The term Recursive Self-Improvement (RSI) now seems to get used sometimes for any time AI automates AI R&D. I believe this is importantly different from its original meaning and changes some of the key consequences.
When Eliezer Yudkowsky discussed RSI in 2008, he was referring specifically to an AI instance improving itself by rewriting the cognitive algorithm it is running on—what he described as “rewriting your own source code in RAM.” According to the LessWrong wiki, RSI refers to “making improvements on one’s own ability of making self-improvements.” However, current AI systems have no special insights into their own opaque functioning. Automated R&D might mostly consist of curating data, tuning parameters, and improving RL-environments to try to hill-climb evaluations much like human researchers do.
Eliezer concluded that RSI (in the narrow sense) would almost certainly lead to fast takeoff. The situation is more complex for AI-automated R&D, where the AI does not understand what it is doing.
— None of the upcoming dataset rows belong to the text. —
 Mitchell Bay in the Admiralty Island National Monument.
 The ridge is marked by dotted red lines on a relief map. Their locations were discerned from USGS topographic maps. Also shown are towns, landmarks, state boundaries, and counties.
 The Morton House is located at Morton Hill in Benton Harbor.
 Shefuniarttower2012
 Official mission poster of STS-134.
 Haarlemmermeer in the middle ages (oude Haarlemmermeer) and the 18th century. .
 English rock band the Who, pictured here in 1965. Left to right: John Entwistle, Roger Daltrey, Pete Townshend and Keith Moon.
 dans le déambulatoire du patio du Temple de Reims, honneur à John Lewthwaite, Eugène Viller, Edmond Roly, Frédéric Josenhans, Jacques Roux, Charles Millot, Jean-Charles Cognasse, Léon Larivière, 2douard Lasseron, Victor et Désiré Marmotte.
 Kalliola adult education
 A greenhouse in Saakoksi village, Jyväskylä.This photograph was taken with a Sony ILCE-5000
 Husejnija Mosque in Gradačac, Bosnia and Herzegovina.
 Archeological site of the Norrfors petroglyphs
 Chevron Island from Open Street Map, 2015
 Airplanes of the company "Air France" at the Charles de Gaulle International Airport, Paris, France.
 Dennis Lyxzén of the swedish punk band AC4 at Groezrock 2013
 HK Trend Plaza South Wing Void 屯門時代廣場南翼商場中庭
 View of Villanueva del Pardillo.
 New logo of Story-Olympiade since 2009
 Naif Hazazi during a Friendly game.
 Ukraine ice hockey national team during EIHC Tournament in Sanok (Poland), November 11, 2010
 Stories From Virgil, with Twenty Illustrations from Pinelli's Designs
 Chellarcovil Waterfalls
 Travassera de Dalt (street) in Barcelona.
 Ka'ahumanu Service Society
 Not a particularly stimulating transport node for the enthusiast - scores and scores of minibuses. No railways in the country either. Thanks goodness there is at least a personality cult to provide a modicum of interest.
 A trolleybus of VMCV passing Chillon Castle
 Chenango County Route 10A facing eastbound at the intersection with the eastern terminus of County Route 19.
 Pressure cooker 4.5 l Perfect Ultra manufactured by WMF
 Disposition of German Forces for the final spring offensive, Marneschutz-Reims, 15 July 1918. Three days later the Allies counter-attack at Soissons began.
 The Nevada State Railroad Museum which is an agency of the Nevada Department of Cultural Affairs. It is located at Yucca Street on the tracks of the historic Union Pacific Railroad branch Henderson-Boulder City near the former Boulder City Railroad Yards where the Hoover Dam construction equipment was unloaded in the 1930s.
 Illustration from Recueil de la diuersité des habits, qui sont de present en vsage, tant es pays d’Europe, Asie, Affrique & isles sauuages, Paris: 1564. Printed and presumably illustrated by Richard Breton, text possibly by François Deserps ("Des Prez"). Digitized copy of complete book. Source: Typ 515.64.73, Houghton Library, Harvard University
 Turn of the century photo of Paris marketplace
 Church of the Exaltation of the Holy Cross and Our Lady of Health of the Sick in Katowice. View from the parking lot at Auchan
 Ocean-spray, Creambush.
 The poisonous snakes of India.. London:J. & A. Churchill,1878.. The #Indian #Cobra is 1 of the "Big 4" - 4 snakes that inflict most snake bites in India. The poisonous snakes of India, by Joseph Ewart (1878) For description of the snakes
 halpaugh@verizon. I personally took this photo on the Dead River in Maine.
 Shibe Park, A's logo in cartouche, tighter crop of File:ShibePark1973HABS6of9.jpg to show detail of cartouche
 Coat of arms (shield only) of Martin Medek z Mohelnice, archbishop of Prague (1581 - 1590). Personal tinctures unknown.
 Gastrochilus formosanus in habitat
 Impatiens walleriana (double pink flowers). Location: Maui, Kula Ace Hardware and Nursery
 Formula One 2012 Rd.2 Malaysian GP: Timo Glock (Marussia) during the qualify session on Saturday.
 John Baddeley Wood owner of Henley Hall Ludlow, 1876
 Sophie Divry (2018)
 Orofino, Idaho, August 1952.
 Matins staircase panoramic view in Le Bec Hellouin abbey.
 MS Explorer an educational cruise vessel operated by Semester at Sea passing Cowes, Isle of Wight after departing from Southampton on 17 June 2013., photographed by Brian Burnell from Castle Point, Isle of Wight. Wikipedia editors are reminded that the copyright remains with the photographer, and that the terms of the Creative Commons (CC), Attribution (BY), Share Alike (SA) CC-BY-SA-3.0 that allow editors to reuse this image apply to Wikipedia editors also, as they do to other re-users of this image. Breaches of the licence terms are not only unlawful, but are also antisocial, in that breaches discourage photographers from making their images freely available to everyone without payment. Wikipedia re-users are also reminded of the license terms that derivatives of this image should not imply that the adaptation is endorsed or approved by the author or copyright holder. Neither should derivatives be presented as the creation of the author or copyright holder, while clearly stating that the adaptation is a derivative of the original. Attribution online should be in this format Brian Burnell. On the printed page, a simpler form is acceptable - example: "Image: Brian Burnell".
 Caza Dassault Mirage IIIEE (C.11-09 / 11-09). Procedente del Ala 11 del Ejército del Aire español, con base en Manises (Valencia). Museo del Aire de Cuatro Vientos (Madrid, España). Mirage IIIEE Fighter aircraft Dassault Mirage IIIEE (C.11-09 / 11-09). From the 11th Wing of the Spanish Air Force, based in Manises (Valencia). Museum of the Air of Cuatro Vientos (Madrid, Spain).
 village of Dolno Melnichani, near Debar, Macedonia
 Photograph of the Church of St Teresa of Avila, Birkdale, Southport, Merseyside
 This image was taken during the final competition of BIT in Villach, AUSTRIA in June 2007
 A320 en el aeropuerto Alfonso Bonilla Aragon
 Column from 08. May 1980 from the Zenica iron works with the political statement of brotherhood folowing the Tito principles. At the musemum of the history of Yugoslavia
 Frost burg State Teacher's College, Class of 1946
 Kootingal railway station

I still expect AI-automated R&D to substantially speed up AI development.
Why This Distinction Matters
Eliezer described the critical transition as when “the AI’s metacognitive level has now collapsed to identity with the AI’s object level.” I believe he was basically imagining something like if the human mind and evolution merged to the same goal—the process that designs the cognitive algorithm and the cognitive algorithm itself merging. As an example, imagine the model realizes that its working memory is too small to be very effective at R&D and it directly edits its working memory.
This appears less likely if the AI researcher is staring at a black box of itself or another model. The AI agent might understand that its working memory or coherence isn’t good enough, but that doesn’t mean it understands how to increase it. Without this self-transparency, I don’t think the same merge would happen that Eliezer described. It is also more likely that the process derails, such as that the next generation of AIs that are being designed start reward-hacking the RL environments designed by the less capable AIs of the previous generation.
The dynamics differ significantly:
True RSI: Direct self-modification with self-transparency and fast feedback loops → fast takeoff very likely
AI-automated research: Systems don’t understand what they are doing, slower feedback loops, potentially operating on other systems rather than directly on themselves
Alignment Preservation
This difference has significant implications:
True RSI: The AI likely understands how its preferences are encoded, potentially making goal preservation more tractable
AI-automated research: The AIs would also face alignment problems when building successors, with each successive generation potentially drifting further from original goals
Loss of Human Control
The basic idea that each new generation of AI will be better at AI research still stands, so we should still expect rapid progress. In both cases, the default outcome of this is eventually loss of human control and the end of the world.
Could We Still Get True RSI?
Probably eventually, e.g. through automated researchers discovering more interpretable architectures.
I think that Eliezer expected AI that was at least somewhat interpretable by default, history played out differently. But he was still right to focus on AI improving AI as a critical concern, even if it’s taking a different form than he anticipated.
Taking this into account, it seems important for interpretability researchers to consider the risk that their work enables RSI, particularly if their interpretability methods provide ways to directly edit the AI itself.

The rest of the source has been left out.